Walsh gives him a withering look. ‘If you’re talking about that old dear from down the road, she’s hardly my idea of a reliable witness.’

There’s a silence. Walsh is drumming his fingers on his thighs.

Then there’s a knock on the door and it opens to reveal Erica Somer, with a sheaf of papers in her hand. She tries to catch Quinn’s attention but he studiously avoids looking at her.

‘Sergeant? Could I have a word?’

‘We’re in the middle of an interview, PC Somer.’

‘I know that, Sergeant.’

Gislingham can see it’s important, even if Quinn is refusing to. He gets up and goes to the door. Watching on the screen, Everett sees Quinn get increasingly irritated until Gislingham finally returns to the room. And this time, Somer follows him in. Quinn doesn’t look up.
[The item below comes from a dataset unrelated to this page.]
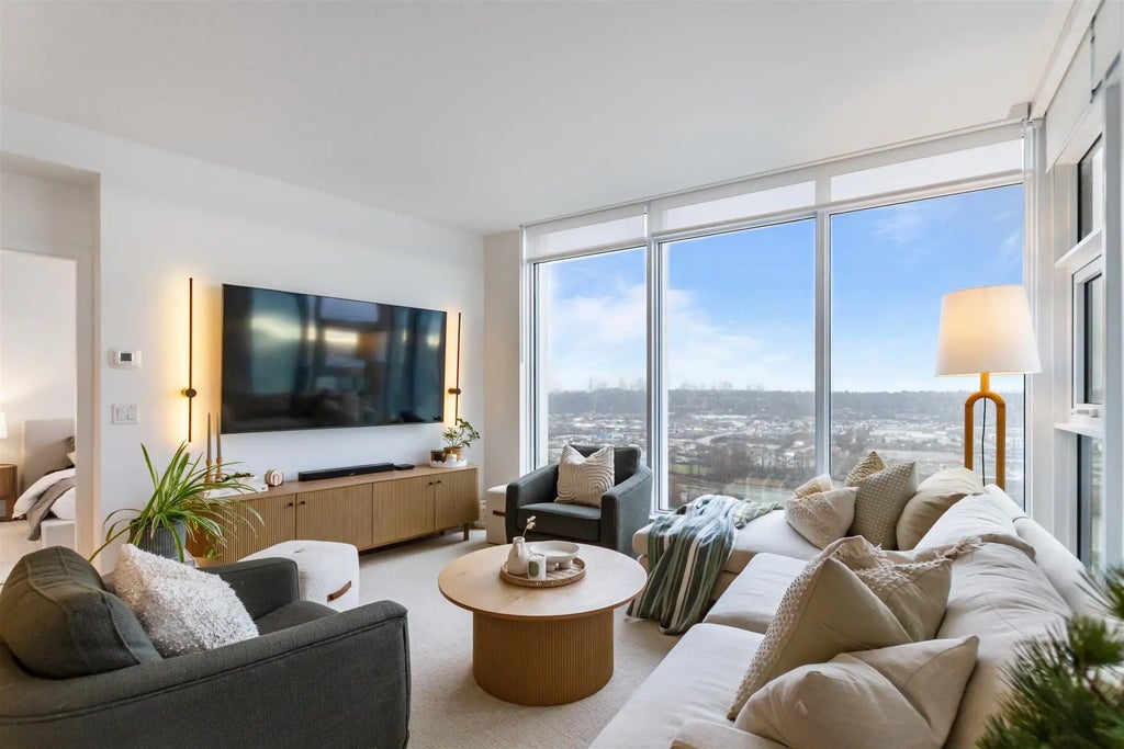 Welcome to BEST VALUE ($225+K BELOW PURCHASED PRICE) at Pier West—New Westminster's premier waterfront address by renowned developer Bosa.Perched high on the 32nd floor of this iconic West Tower, this exceptional residence delivers the ultimate in modern luxury living with forever-unobstructed views of the Fraser River and vibrant city skyline. Light-filled home featuring floor-to-ceiling windows that flood every room with natural light and showcase those breathtaking river vistas from morning coffee to evening sunsets. The open-concept layout is perfect for effortless entertaining — a sleek gourmet kitchen with premium appliances,gas cooking,solid-slab countertops,waterfall island,and integrated finishes flows seamlessly into the generous living and dining area.

And when she takes the chair in the far corner facing him, he still won’t meet her gaze.

Gislingham puts the papers down on the table, then swivels one of the sheets round to face Walsh. It’s a photograph.

‘Do you know what this picture is of, Mr Walsh?’

Walsh looks at the paper and shifts slightly. ‘No, not offhand.’

‘I think you know very well. You have one like this yourself.’

Walsh sits back and folds his arms. ‘So? What’s that got to do with anything? It’s just a cupboard.’